All lines at and after the one containing "시는 총연장 11.43km인", up to the end of the listing below, are to be printed exactly, with the pictures omitted.

## Source data
****************************************
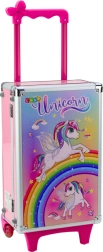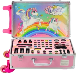 Acest set bogat de cosmetice pentru copii este depozitat într-un troller robust cu motiv unicorn, care cucerește de la prima vedere. Datorită mânerului telescopic și roților, copilul îl poate lua ușor oriunde – în vizită, în vacanță sau prin casă. Toate produsele incluse sunt blânde cu pielea delicată a copiilor și ușor de îndepărtat, astfel încât se poate juca fără griji.
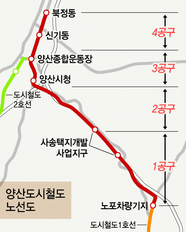 시는 총연장 11.43km인 양산선의 원활한 공사를 위해 전체를 4개 공구로 나눴다. 1·3공구는 설계부터 시공까지 함께하는 턴키방식으로 2018년 2월과 2017년 10월 각각 공사에 들어갔다.
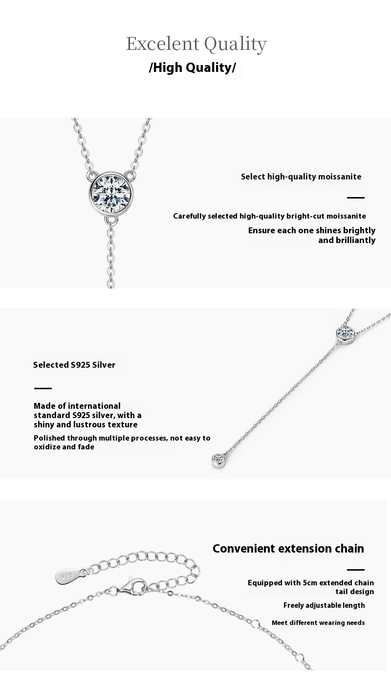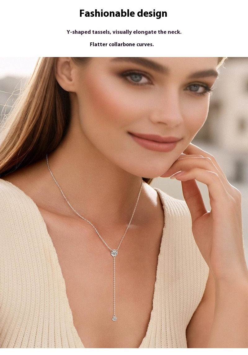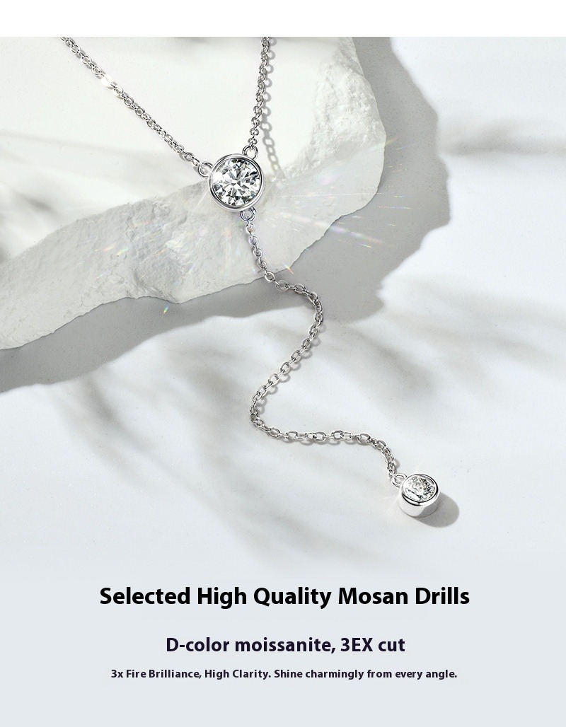 Y-Chain Moissanite Fringe Necklace - S925 Sterling Silver High-End Collarbone Chain
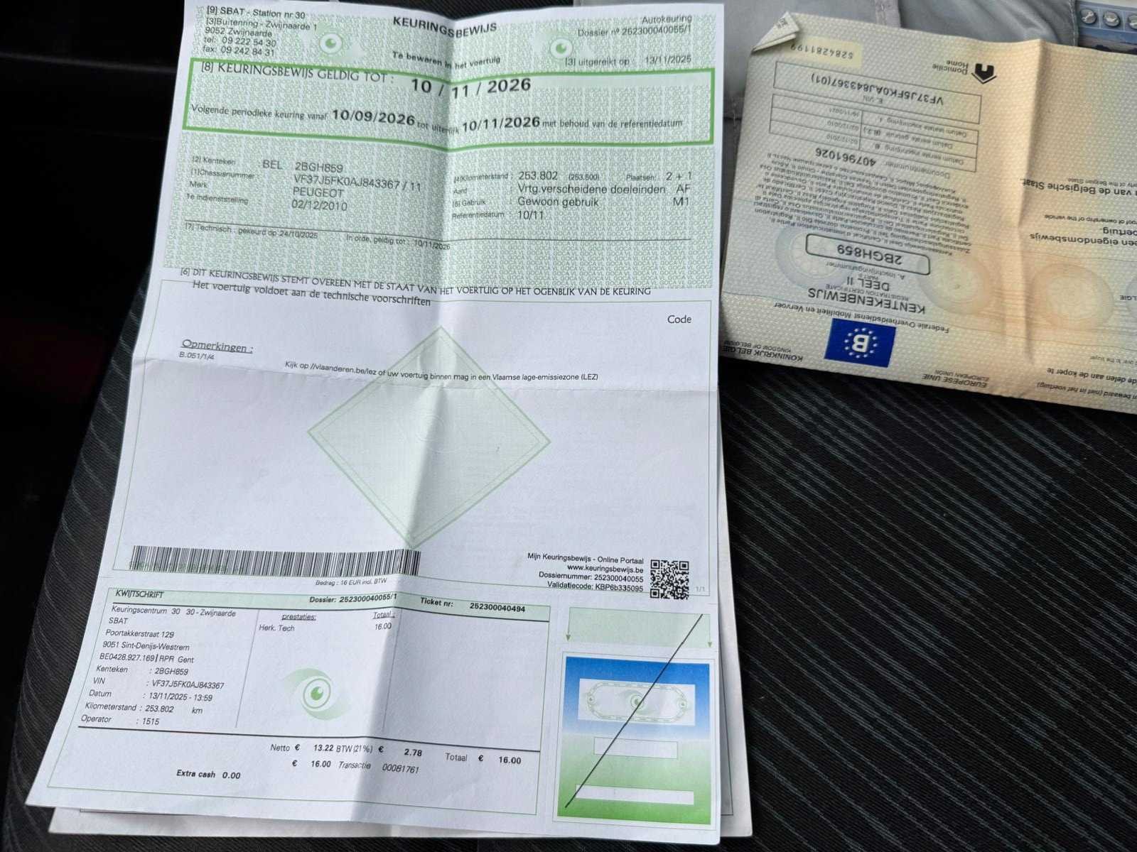 No Kenteken: 2BGH859 Merk: Peugeot Model: Partner Type: 7 Bouwjaar: 2010 Afgelezen kilometerstand: 254335km Cilinderinhoud: 1598cc Vermogen (kW): 72kW Brandstof: Benzine Chassisnummer: VF37J5FK0AJ843367 Datum eerste toelating: 02/12/2010 Aantal zitplaatsen: 5 Transmissie: Handgeschakeld Emissieklasse: Euro 5 Aantal sleutels: 2 Nationaliteit documenten: Belgische Start en rijdt: Ja Keuringsrapport geldig tot: 10/11/2026 Vavato voert geen technische keuring uit.: true Inschrijvingsbewijs - deel 1 : Aanwezig Inschrijvingsbewijs - deel 2: Aanwezig
****************************************
## Output
 시는 총연장 11.43km인 양산선의 원활한 공사를 위해 전체를 4개 공구로 나눴다. 1·3공구는 설계부터 시공까지 함께하는 턴키방식으로 2018년 2월과 2017년 10월 각각 공사에 들어갔다.
 Y-Chain Moissanite Fringe Necklace - S925 Sterling Silver High-End Collarbone Chain
 No Kenteken: 2BGH859 Merk: Peugeot Model: Partner Type: 7 Bouwjaar: 2010 Afgelezen kilometerstand: 254335km Cilinderinhoud: 1598cc Vermogen (kW): 72kW Brandstof: Benzine Chassisnummer: VF37J5FK0AJ843367 Datum eerste toelating: 02/12/2010 Aantal zitplaatsen: 5 Transmissie: Handgeschakeld Emissieklasse: Euro 5 Aantal sleutels: 2 Nationaliteit documenten: Belgische Start en rijdt: Ja Keuringsrapport geldig tot: 10/11/2026 Vavato voert geen technische keuring uit.: true Inschrijvingsbewijs - deel 1 : Aanwezig Inschrijvingsbewijs - deel 2: Aanwezig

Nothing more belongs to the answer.